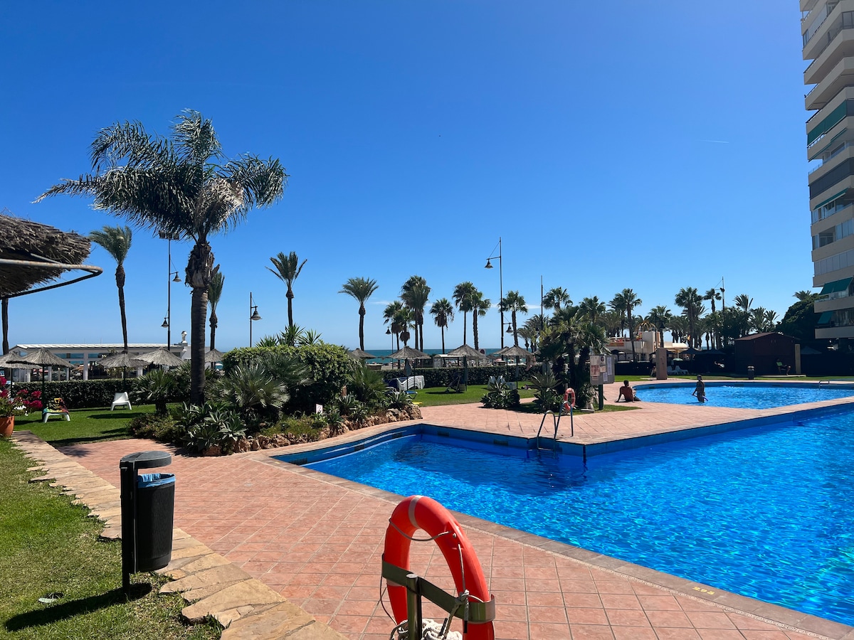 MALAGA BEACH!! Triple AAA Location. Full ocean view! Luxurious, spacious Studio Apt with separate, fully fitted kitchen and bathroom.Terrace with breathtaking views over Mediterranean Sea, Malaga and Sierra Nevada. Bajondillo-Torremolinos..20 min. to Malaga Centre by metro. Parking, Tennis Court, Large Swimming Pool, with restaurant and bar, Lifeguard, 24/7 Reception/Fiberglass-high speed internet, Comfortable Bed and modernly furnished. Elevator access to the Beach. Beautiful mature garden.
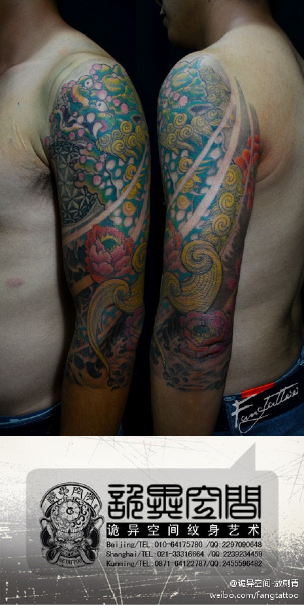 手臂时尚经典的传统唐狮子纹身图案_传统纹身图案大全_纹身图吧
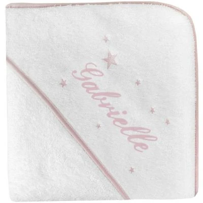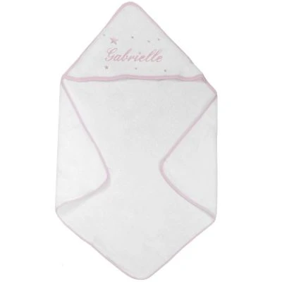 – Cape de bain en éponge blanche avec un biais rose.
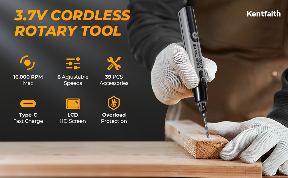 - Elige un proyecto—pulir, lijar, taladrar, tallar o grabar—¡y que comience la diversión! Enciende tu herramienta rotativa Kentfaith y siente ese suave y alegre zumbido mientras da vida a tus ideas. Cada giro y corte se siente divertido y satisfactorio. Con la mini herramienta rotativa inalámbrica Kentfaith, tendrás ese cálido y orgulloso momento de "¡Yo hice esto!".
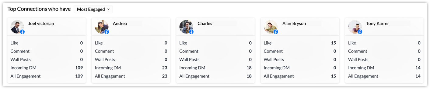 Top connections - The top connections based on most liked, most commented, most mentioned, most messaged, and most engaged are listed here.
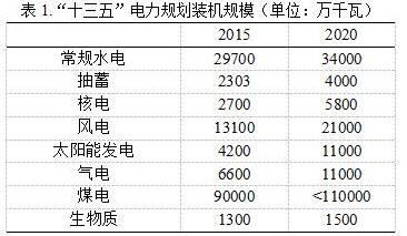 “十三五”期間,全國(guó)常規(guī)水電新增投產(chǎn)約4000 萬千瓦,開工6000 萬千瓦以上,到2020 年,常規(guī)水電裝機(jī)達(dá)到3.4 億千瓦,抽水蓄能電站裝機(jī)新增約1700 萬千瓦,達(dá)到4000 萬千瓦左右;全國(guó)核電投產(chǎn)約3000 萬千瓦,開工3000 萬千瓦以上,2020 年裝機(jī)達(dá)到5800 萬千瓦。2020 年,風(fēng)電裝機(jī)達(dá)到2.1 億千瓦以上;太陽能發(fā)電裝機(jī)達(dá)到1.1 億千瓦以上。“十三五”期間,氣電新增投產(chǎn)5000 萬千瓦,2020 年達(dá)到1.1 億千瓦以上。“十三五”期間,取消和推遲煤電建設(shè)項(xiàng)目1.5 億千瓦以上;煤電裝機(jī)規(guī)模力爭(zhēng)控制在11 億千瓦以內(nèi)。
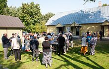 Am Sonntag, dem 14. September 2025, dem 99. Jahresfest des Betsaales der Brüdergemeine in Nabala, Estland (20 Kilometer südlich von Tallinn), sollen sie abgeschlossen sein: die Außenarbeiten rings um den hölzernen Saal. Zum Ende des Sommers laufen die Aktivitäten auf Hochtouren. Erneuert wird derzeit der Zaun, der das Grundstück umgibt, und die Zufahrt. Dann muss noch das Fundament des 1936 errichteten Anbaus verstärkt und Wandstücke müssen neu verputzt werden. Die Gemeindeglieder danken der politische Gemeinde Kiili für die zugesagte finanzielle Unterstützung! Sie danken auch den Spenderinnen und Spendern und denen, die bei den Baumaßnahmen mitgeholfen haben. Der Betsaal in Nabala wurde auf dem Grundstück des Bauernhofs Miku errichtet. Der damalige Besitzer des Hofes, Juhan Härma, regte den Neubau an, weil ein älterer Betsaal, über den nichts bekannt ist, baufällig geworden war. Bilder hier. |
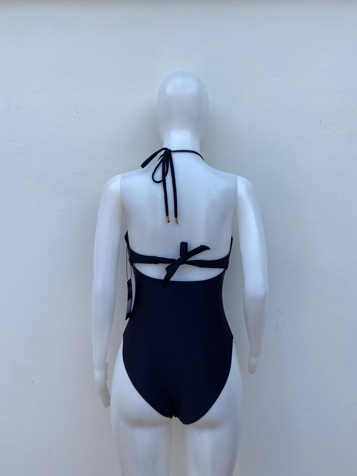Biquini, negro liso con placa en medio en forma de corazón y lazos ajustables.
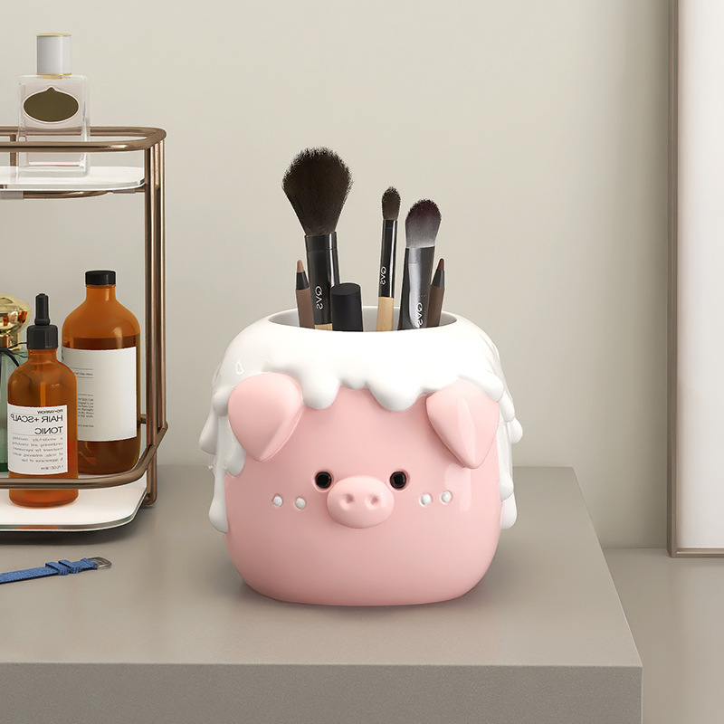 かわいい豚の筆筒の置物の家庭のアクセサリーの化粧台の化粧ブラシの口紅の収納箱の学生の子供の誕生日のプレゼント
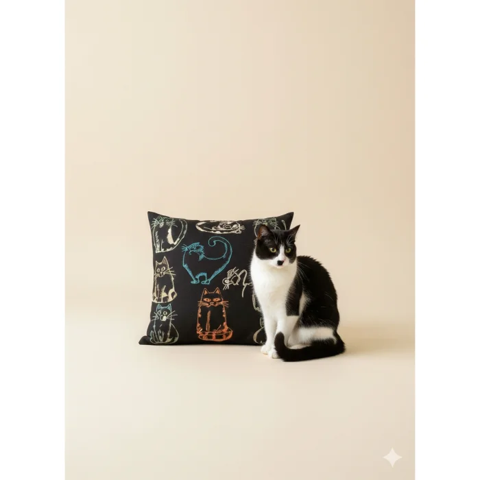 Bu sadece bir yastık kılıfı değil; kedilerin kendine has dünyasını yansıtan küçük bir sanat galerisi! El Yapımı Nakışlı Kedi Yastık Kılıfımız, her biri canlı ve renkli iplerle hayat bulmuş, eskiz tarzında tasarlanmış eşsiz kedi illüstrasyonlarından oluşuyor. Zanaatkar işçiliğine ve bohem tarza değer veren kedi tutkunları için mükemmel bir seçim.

---------------

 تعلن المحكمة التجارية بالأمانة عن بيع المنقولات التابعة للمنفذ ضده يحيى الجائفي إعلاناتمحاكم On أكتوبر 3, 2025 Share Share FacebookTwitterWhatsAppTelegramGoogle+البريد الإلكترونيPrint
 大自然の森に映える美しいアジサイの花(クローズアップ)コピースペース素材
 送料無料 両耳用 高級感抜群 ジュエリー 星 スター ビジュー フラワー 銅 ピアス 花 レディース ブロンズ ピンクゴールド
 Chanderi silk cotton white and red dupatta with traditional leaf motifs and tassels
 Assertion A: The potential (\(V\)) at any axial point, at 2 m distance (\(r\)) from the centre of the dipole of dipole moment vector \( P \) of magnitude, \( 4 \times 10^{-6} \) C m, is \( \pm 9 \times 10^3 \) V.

---------------

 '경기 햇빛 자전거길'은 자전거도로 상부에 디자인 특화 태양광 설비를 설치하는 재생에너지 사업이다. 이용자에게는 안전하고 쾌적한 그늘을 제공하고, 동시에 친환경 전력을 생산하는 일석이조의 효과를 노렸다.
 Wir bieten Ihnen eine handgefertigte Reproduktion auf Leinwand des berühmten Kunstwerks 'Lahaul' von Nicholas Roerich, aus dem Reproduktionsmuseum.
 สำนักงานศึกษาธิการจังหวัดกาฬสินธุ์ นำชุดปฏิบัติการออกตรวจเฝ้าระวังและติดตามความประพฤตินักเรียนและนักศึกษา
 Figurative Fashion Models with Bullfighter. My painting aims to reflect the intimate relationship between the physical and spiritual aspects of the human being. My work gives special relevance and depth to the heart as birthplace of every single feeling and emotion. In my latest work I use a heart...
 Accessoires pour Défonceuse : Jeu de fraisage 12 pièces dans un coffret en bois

---------------

All pictures are to be skipped. Output, word for word, the lines in the data above starting at the line containing "MALAGA BEACH!! Triple" and ending at the line containing "手臂时尚经典的传统唐狮子纹身图案_传统纹身图案大全_纹身图吧".

 MALAGA BEACH!! Triple AAA Location. Full ocean view! Luxurious, spacious Studio Apt with separate, fully fitted kitchen and bathroom.Terrace with breathtaking views over Mediterranean Sea, Malaga and Sierra Nevada. Bajondillo-Torremolinos..20 min. to Malaga Centre by metro. Parking, Tennis Court, Large Swimming Pool, with restaurant and bar, Lifeguard, 24/7 Reception/Fiberglass-high speed internet, Comfortable Bed and modernly furnished. Elevator access to the Beach. Beautiful mature garden.
 手臂时尚经典的传统唐狮子纹身图案_传统纹身图案大全_纹身图吧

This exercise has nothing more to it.